Dissecting the transcriptional mechanisms controlling growth during normal development and cancer

This project analyzed molecular mechanisms of growth control and cancer through the combined use of high-throughput technologies and computational biology. We aimed to create a systems-level understanding of the cell cycle, and its regulation by physiological growth factors and oncogenes through the use high-throughput biology to identify all or the majority of genes that are essential for cell cycle progression, and by combining this dataset with computationally predicted and experimentally validated target genes of growth factors and oncogenic pathways.

Specific objectives:
1 To identify genome-wide the genes and mechanisms that control the metazoan cell cycle
2 To understand the molecular basis of organ specific growth control

The project first focused on automated analyses that were used to generate large amounts of data that is important in understanding of gene regulation and control of cell growth. After the data generation phase, the data was analyzed and validated experimentally.
One of the main achievements of the project is the identification of binding specificities of transcription factors – the proteins that read the human genome.
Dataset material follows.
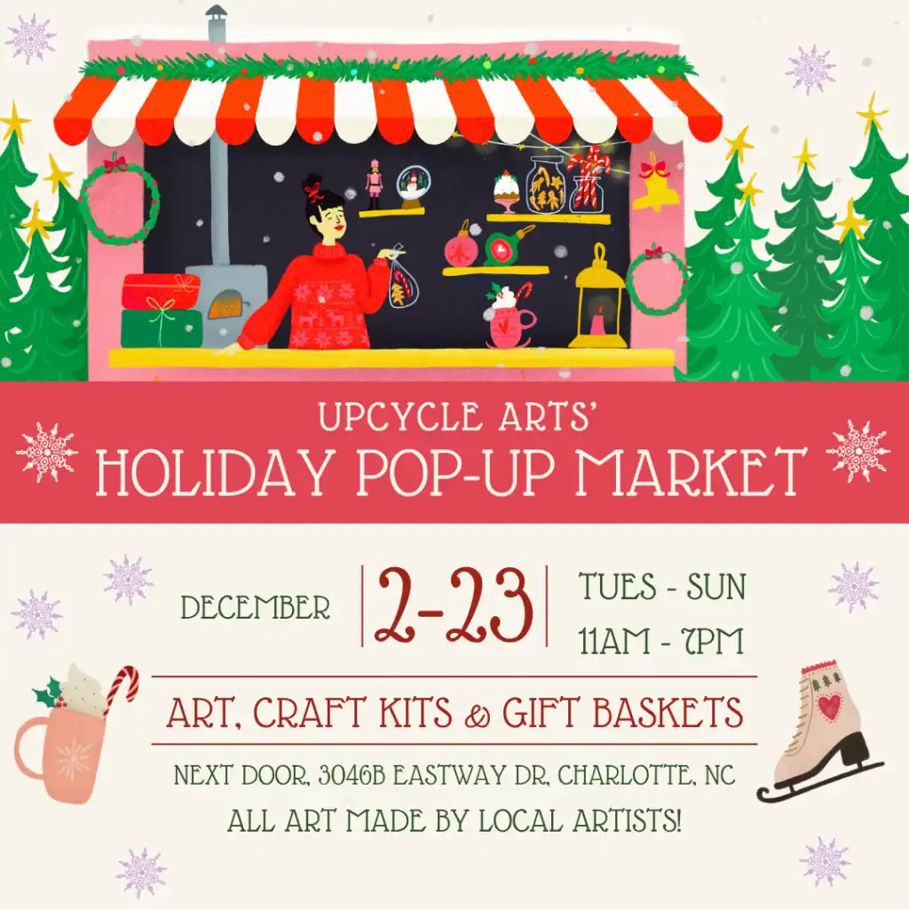 Upcycle Arts, Charlotte creative reuse center, is presenting a Holiday Pop-Up Market through much of December, 2025. It will be held right next door, at 3046B Eastway Drive, Charlotte, North Carolina.

Determination of the sequence of the human genome, and knowledge of the genetic code through which mRNA is translated have allowed rapid progress in identification of mammalian proteins. However, less is known about the molecular mechanisms that control gene expression, and about the variations in gene expression that underlie many pathological states, including cancer. This has been caused in part by lack of information about the binding specificities of transcription factors. In this project, we have analyzed binding specificity of almost all human transcription factors, and have generated a large library of sequences that bind to transcription factors.
We further applied the knowledge of transcription factor binding specificities together with experimentally identified cell cycle regulators to find central target genes that control cell growth under physiological conditions and in cancer. We found two key transcriptionally controlled mechanisms, MYC and Cdk4/6 system, and validated a regulatory element upstream of the MYC gene in a knockout mouse model. The mice lacking the element were viable and fertile, but were resistant to intestinal tumorigenesis. Our results revealed an unexpected difference between normal growth control mechanisms and pathological growth induced by cancer that can be exploited in development of future cancer therapies.